Le pays Toy, un petit territoire enchanteur des Hautes-Pyrénées

Niché au cœur des Hautes-Pyrénées, le pays Toy est un petit territoire cerné de montagnes qui s’étend le long de vallées souriantes. Au-dessus de sa capitale, Luz-Saint-Sauveur, des villages perchés aux belles maisons traditionnelles de pierre bravent les pentes raides, agrippés à une arête rocheuse pour éviter les couloirs d’avalanche. On ne connaît pas exactement la signification du mot «Toy», que les habitants de la plaine utilisaient pour désigner avec condescendance les rudes montagnards qui vivaient en autarcie avec leurs troupeaux au pied des sommets. Toy dériverait du catalan et signifierait «petit». Le surnom donné à ces hommes, sans doute robustes et trapus, est resté associé à ce territoire de 43.000 hectares. Le pays Toy, aux paysages somptueux et variés, a su tirer profit de l’héritage agropastoral qui a forgé son caractère. Mais ce sont les eaux thermales, déjà connues des Romains, qui ont très tôt fait sortir les Pyrénées de l’anonymat. Au fil des siècles, les thermes pyrénéens ont attiré les têtes couronnées, la bourgeoisie ainsi que des écrivains tels Victor Hugo, de Vigny, Chateaubriand, et George Sand.

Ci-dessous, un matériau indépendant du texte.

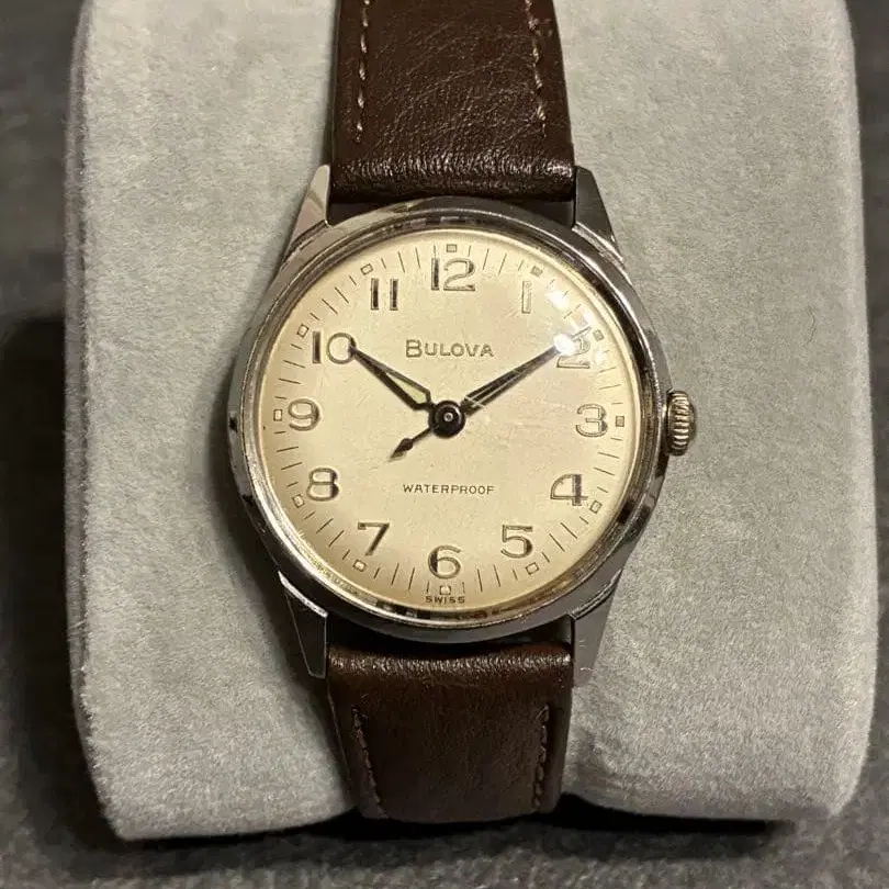 ★ 컬렉션 정리를 위해 판매합니다. 브로바 라운드 케이스 수동 와인딩입니다. 아메리칸 브랜드다운 개성 있는 디자인과 수동 와인딩만의 기계식의 매력이 매력적입니다. 부담 없이 빈티지 느낌과 기계를 조작하는 즐거움을 맛볼 수 있는 한 점입니다. - 브랜드: Bulova 브로바 수동 와인딩 아라비아 다이얼 - 다이얼 색상: 아이보리 - 벨트 소재: 가죽(비순정) - 벨트 색상: 브라운 - 특징: 플라스틱 방품 작동 - 양호 케이스/직경 - 약 34mm 방문해 주셔서 감사합니다.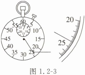2. 清晨,王爷爷绕小区花园步行锻炼身体,借助手中的秒表测量了自己步行一圈的时间为2min24s,如图1.2 - 3所示,秒表外圈示数的单位为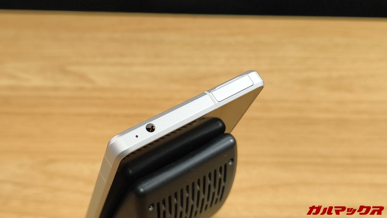 ▼上部にはSIMスロットとイヤホンジャック!どちらも国産スマホらしい要素を感じられます。SIMスロットはツメで出せるからSIMピン不要でかなりありがたい。↓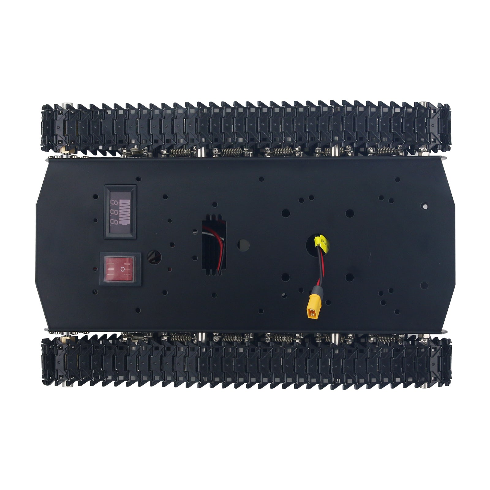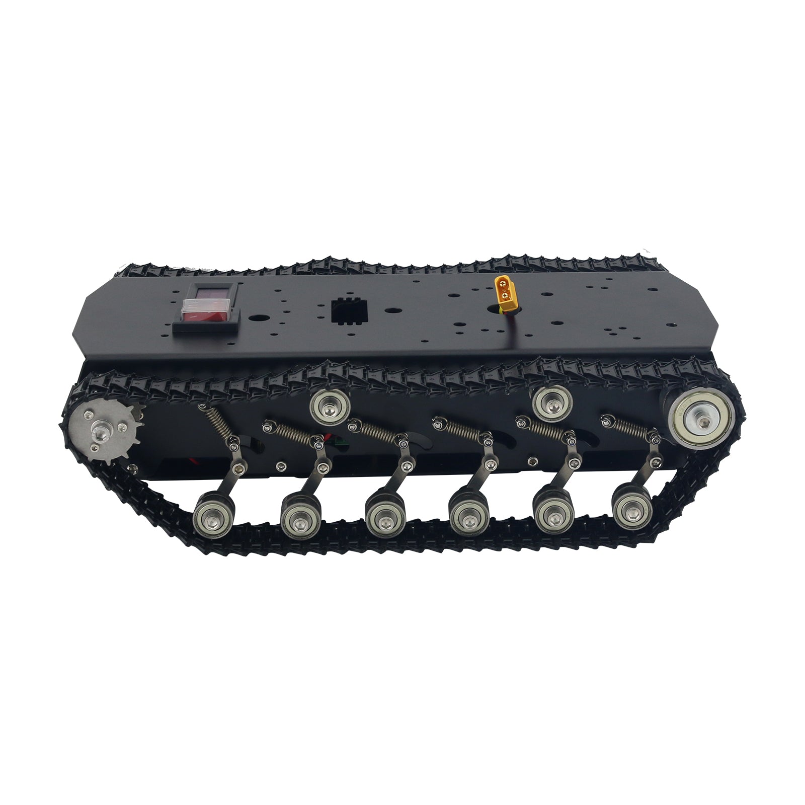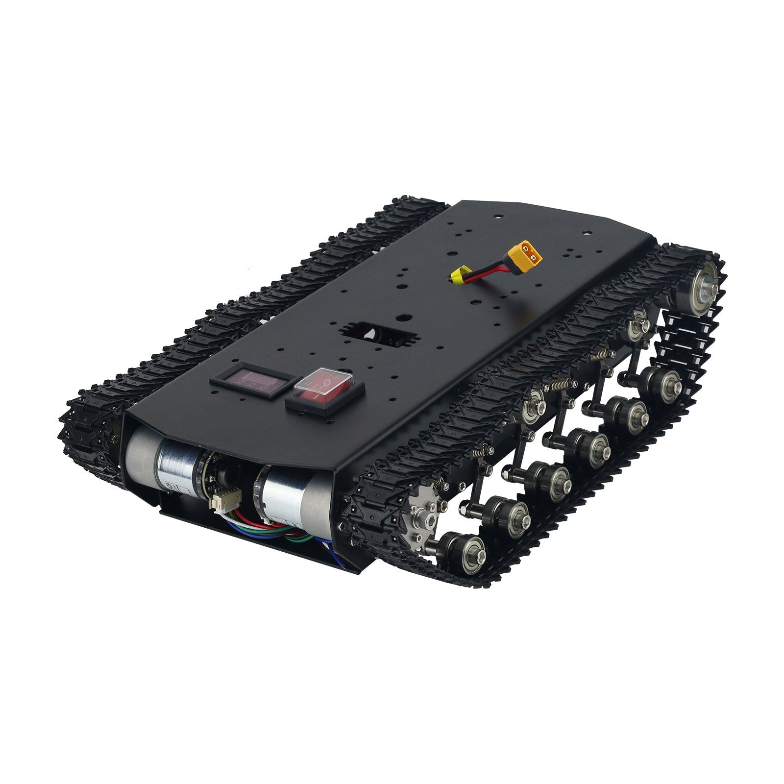 - Product design: rolling bearing design, stainless steel body, high torque 37 motor, rolling small bearing design, independent shock absorption system, stainless steel drive wheel, black metal tracks.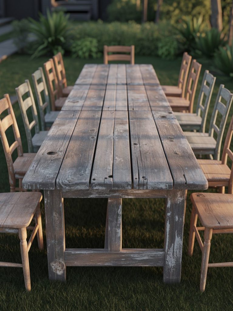 A long, weathered wooden table acts as the heart of the party. Don’t cover it with a cloth; let the grain and the “imperfections” show. If you are looking for ways to style larger outdoor areas, these rustic garden decor ideas offer great inspiration for permanent fixtures.
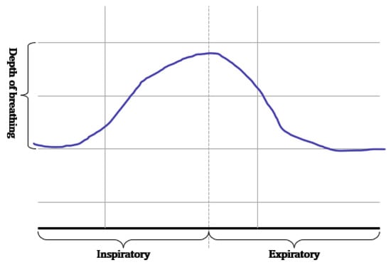 As shown in Figure 1, the breathing signal rises during inhalation and descends during exhalation. The amplitude of the breathing signal is determined by the depth of the breath. Furthermore, the period of the signal increases with the duration of the breath [20].
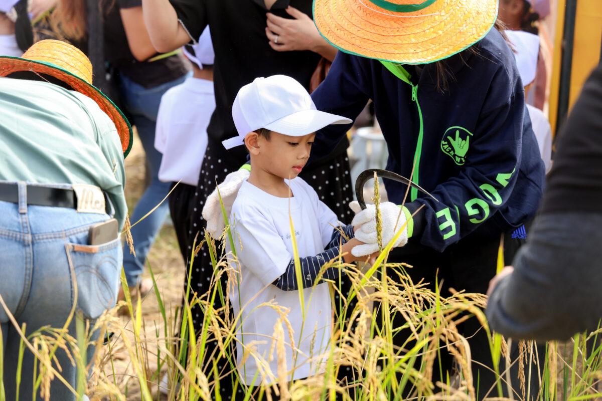 ต่อมานักเรียนชั้นอนุบาลร่วมกิจกรรมเกี่ยวข้าว นวดข้าว ทำขวัญข้าว เปิดประสบการณ์ตรงด้านอาชีพเกษตรกรรม วัฒนธรรม และภูมิปัญญาไทยอย่างลึกซึ้งและสนุกสนาน นอกจากนี้ยังส่งเสริม IQ, EQ และพัฒนาทักษะประสบการณ์นอกห้องเรียนให้แข็งแกร่งมากยิ่งขึ้น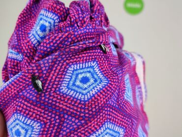- Wzór: geometryczne sześciokąty/pentagony w kolorach fuksja, fiolet, niebieski i biały; drobne kropki tworzą efekt 3D.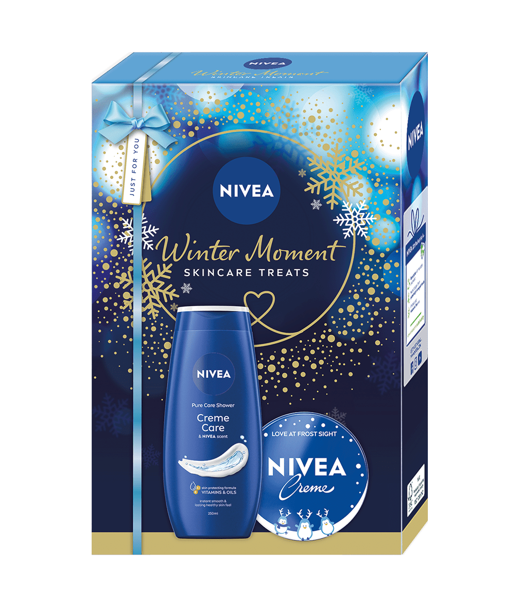 NIVEA WINTER MOMENT praznični poklon set za glatku i negovanu kožu. Poklon set sadrži NIVEACremeCare kremasti gel za tuširanje sa provitaminom B5 i negujućim uljima, kao i NIVEA univerzalnu kremu za negu lica, tela i ruku obogaćenu jedinstvenim NIVEA mirisom.

Au XVIe siècle, Marguerite de Navarre et Rabelais viennent déjà prendre les eaux à Cauterets, voisine du pays Toy. La station vient défrayer la chronique au début du XXe s. quand un établissement ouvre un service de kinésithérapie innovant pour traiter les femmes stériles. Dans une salle de douches vaginales, un «frétayre» (frictionneur) s’évertue à stimuler l’intimité de ces dames pour éveiller leur fertilité. Les candidatures à ce poste très convoité sont sans doute nombreuses mais le postulant doit avoir un âge canonique et montrer patte blanche. Vertus des eaux ? Main alerte des frétayres ? Toujours est-il que le traitement est efficace et que les eaux prennent l’appellation prosaïque «d’engrosseuses».

Le village de Barèges (1250 mètres d’altitude) connaît quant à lui ses première lettres de noblesse en 1675 avec le petit duc du Maine. Alors qu’il a 5 ans, l’enfant adultérin de Louis XIV et de Mme de Montespan, y séjourne de longs mois avec Mme de Maintenon, sa gouvernante. L’enfant est rachitique et affecté d’un pied-bot. La réputation des eaux de Barèges, qui a guéri des soldats blessés et des maladies des os, est parvenue aux oreilles royales. Elles se montreront souveraines sur le petit duc, et, Barèges, deviendra célèbre. Avouons-le, Barèges, dévasté par des avalanches au XXe siècle ne présente pas grand attrait architectural mais sa situation au creux d’une vallée splendide, qui offre de nombreuses possibilités de randonnées et de ski, est exceptionnelle. Barèges forme en effet avec La Mongie, de l’autre côté du col du Tourmalet, le plus vaste domaine skiable des Pyrénées, le Grand Tourmalet. Et pour tout cycliste amateur, qui dit col du Tourmalet dit aussi Tour de France dont c’est une étape mythique.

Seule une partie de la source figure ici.